An air operator's certificate issued by Russia to Aeroflot

An air operator's certificate (AOC) is the approval granted by a civil aviation authority (CAA) to an aircraft operator to allow it to use aircraft for commercial air transport purposes. This requires the operator to have personnel, assets and systems in place to ensure the safety of its employees and of the flying public. The certificate lists the approved aircraft types, each registration number approved to fly, the approved flying purpose, and in what area the holder may operate (such as specific airports or geographic region).

==Categories==
AOCs can be granted for one or more of the following activities:
- Aerial advertising
- Aerial photography
- Aerial spotting
- Aerial surveying
- Air ambulance
- Charter (low capacity and high capacity)
- Firefighting
- Flight training
- Regular public transport (RPT) (low capacity and high capacity)

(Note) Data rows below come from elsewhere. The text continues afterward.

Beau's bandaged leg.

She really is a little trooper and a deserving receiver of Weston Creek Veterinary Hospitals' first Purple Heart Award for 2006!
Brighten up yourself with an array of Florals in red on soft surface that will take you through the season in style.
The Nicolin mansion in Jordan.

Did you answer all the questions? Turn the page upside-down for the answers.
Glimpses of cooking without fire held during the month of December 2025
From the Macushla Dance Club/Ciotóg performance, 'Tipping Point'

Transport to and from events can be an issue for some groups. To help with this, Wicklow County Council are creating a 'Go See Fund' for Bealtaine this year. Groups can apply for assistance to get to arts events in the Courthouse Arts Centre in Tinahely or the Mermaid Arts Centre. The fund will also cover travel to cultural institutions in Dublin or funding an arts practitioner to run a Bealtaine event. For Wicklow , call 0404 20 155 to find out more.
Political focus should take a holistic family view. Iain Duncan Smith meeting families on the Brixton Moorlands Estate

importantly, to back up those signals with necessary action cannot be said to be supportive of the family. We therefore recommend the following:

Low capacity operations is when operating aircraft with under 38 passenger seats, high capacity is greater than 38 seats.

==Requirements==
The requirements for obtaining an AOC vary from country to country, but are generally defined as:
- Sufficient personnel with the required experience for the type of operations requested.
- Airworthy aircraft, suitable for the type of operations requested.
- Acceptable systems for the training of crew and the operation of the aircraft (Operations Manual).
- A quality system to ensure that all applicable regulations are followed.
- The appointment of key accountable staff, who are responsible for specific safety critical functions such as training, maintenance and operations.
- Carriers Liability Insurance (for Airlines) – Operators are to have sufficient insurance to cover the injury or death of any passenger carried.
- Proof that the operator has sufficient finances to fund the operation.
- The operator has sufficient ground infrastructure, or arrangements for the supply of sufficient infrastructure, to support its operations into the ports requested.
- The certificate is held by a legal person who resides in the country or region of application (for EASA).

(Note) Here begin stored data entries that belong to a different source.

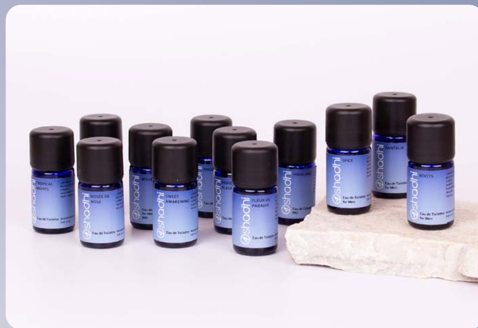
Eau de Toilette Tester Set
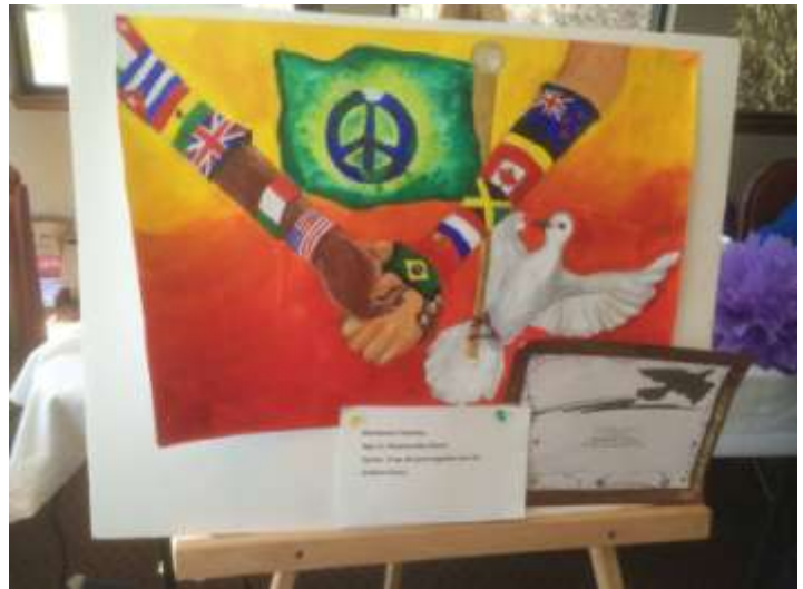
District 26-M1 Peace Poster Winner
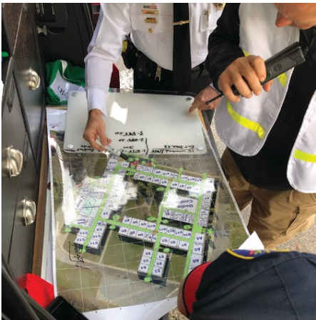
Printed maps at an incident command post

Our company’s origins are grounded in thousands of real-life direct-action raids conducted by USSOF over the past two decades and dozens of county-wide mapping deployments domestically over the past three years. Our management team’s mix of decorated and combat-tested USSOF officers and senior law enforcement executives has given us a unique perspective on building and implementing CRGs for domestic first responders, with a focus on CRGs being used when a crisis occurs. Our commitment to you is that CRGs will be easily accessible to those who need them and will increase the readiness level for public safety professionals during emergency situations.
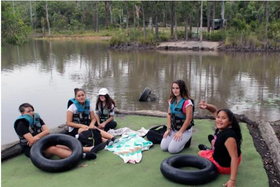
Year 7 students on the Great Aussie Bush Camp

Term 2 has been an exciting and busy term for our Year 7 students. In Week 2 students headed to the Great Aussie Bush Camp for the highly anticipated Year 7 Camp.
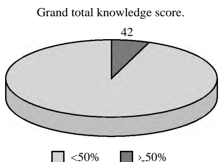
Fig. (2): Grand total knowledge score.

- Data expression [Test of significance]: Median (25th percentile - 75th percentile) [Kruskal-Wallis Test].
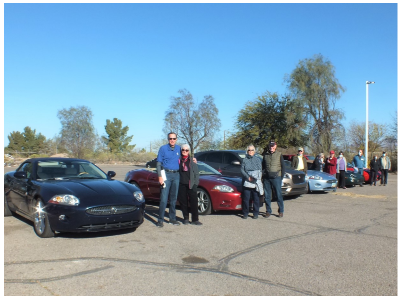
JCSA members at the 2021 Valentines drive to the Chiricahua Mountains, Feb 21, 2020.
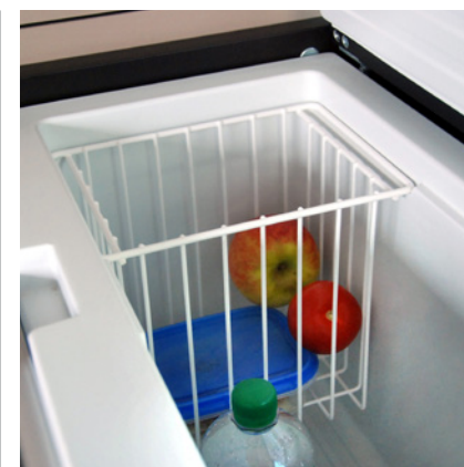
Hanging basket for cooler

Code Shipping accessories: 288040248010 Weight: approx. 0.5 kg

==International variations==
An AOC is referred to as an Air Carrier Operating Certificate in the United States and as an Air Operator Certification in New Zealand.

=== New Zealand ===
The Civil Aviation Authority of New Zealand's Part 119 establishes Air Operator Certification rules for Air Transport Operations (ATO) and Commercial Transport Operations (CTO). They provide two levels of certification: (a) AOC for air operations in all sizes of aircraft; (b) general aviation AOC for air operations in helicopters and aircraft with nine or less passenger seats.

=== United States ===
In the United States, two certifications are required to operate an airline. Economic certification is obtained from the Department of Transportation, whereas operational/safety certification is obtained from the FAA. Both are required to operate an airline.

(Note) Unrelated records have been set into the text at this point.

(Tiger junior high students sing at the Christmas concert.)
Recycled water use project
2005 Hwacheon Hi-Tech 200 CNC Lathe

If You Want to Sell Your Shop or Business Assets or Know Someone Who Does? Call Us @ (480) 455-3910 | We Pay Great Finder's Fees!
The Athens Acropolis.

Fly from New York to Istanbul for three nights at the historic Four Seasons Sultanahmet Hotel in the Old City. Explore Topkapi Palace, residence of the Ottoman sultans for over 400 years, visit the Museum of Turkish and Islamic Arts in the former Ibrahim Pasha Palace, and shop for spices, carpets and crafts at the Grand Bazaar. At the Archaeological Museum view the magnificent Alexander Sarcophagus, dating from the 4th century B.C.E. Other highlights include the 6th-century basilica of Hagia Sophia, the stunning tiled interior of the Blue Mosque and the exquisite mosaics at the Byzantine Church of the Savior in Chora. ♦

According to the United States Department of Transportation, the Federal Aviation Administration (FAA) is to maintain an airline air carrier's operating certificate in the category of fitness. An air carrier must maintain the following three standards: adequate financing, competent management, a willingness to comply with applicable laws and regulations. At least 75 percent of airlines controlling voting equity must be held by US citizens.

==Transfer==
An AOC is valuable. It shows the relevant CAA's acceptance of the operator's personnel, infrastructure and procedures. In most jurisdictions an AOC may be sold or acquired to avoid the arduous process of gaining regulator acceptance for a new AOC. To this end, a failed airline can be sold as a going concern and then changed into another business. For example, Northwest Airlines bought FLYi airline's AOC to start Compass Airlines, a previous feeder airline for Delta Air Lines marketed as Delta Connection. Likewise Air Australia purchased the AOC, staff and routes of the failed OzJet airlines.